PROBLEM REQUIREMENTS
Your answer must be a word-for-word copy of the listing, with all pictures excluded.

INFORMATION SUPPLIED
--- START ---

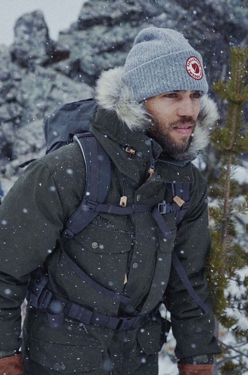 Fjallraven czapka wełniana 1960 Logo kolor szary z grubej dzianiny wełniana
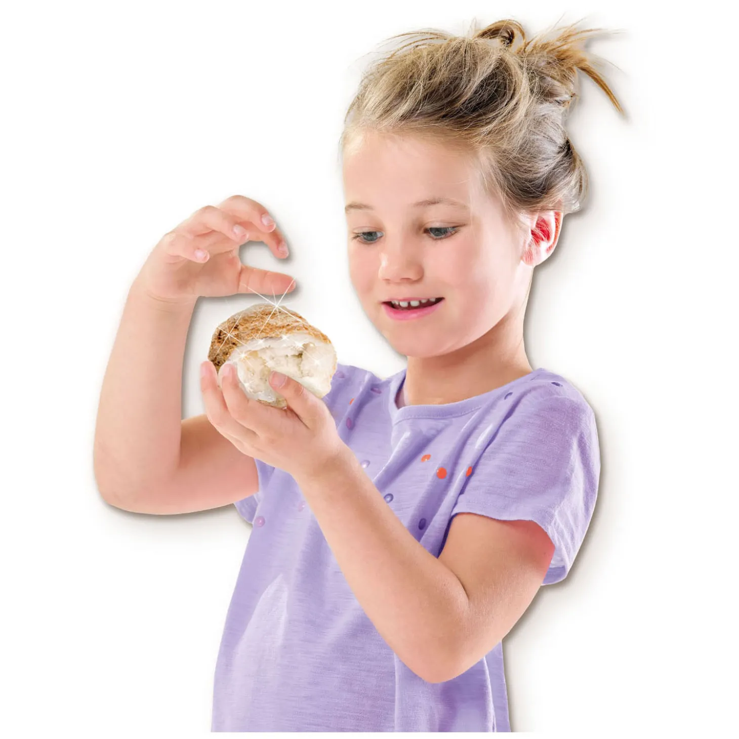 De set bestaat uit drie geode stenen, een zakje en instructies. De hamer is niet inbegrepen.
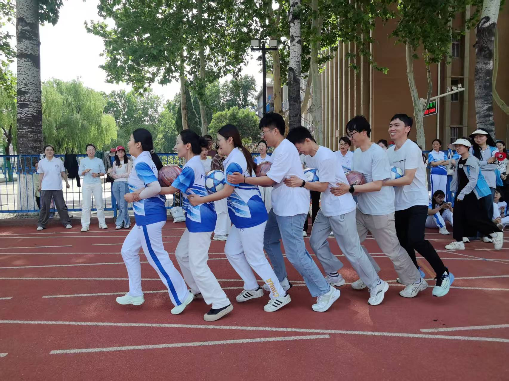 夹球协力竞走活动中六支队伍展开激烈角逐。每队队员两两夹球,步调一致地向前迈进,如同科研团队共同攻克难题般相互协作,为了团队的荣誉全力以赴。
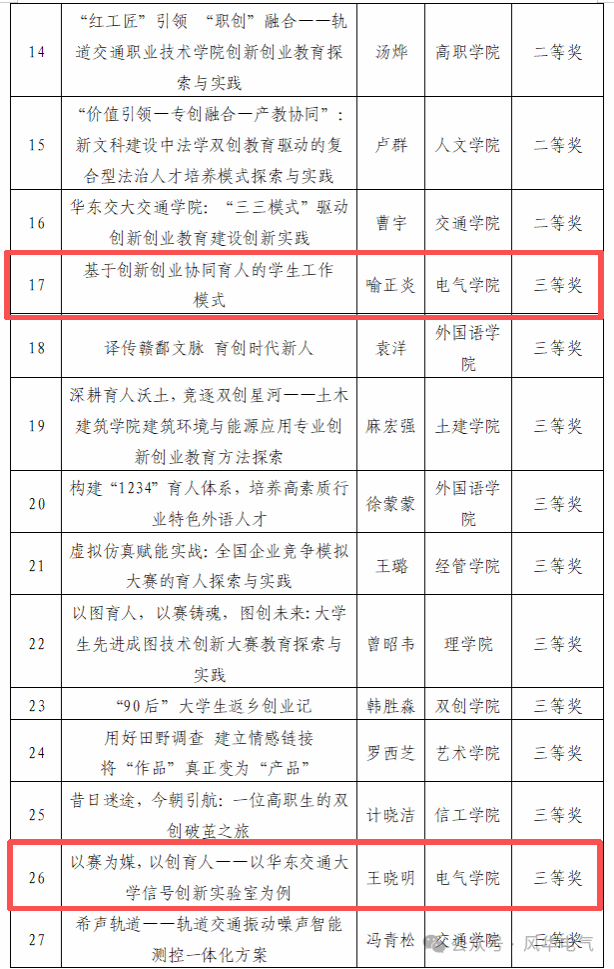 近日,学校创新创业学院公布了《关于公布创新创业教育工作优秀案例名单的通知》,此次评选中学院共计获得一等奖 1 项、三等奖 2 项,充分展现了公司师生在创新创业教育实践与探索中取得的扎实成果,彰显了学院在培育员工创新精神、提升创业实践能力方面的不懈努力与显著成效。

--- END ---

ANSWER TO THIS EXERCISE
 Fjallraven czapka wełniana 1960 Logo kolor szary z grubej dzianiny wełniana
 De set bestaat uit drie geode stenen, een zakje en instructies. De hamer is niet inbegrepen.
 夹球协力竞走活动中六支队伍展开激烈角逐。每队队员两两夹球,步调一致地向前迈进,如同科研团队共同攻克难题般相互协作,为了团队的荣誉全力以赴。
 近日,学校创新创业学院公布了《关于公布创新创业教育工作优秀案例名单的通知》,此次评选中学院共计获得一等奖 1 项、三等奖 2 项,充分展现了公司师生在创新创业教育实践与探索中取得的扎实成果,彰显了学院在培育员工创新精神、提升创业实践能力方面的不懈努力与显著成效。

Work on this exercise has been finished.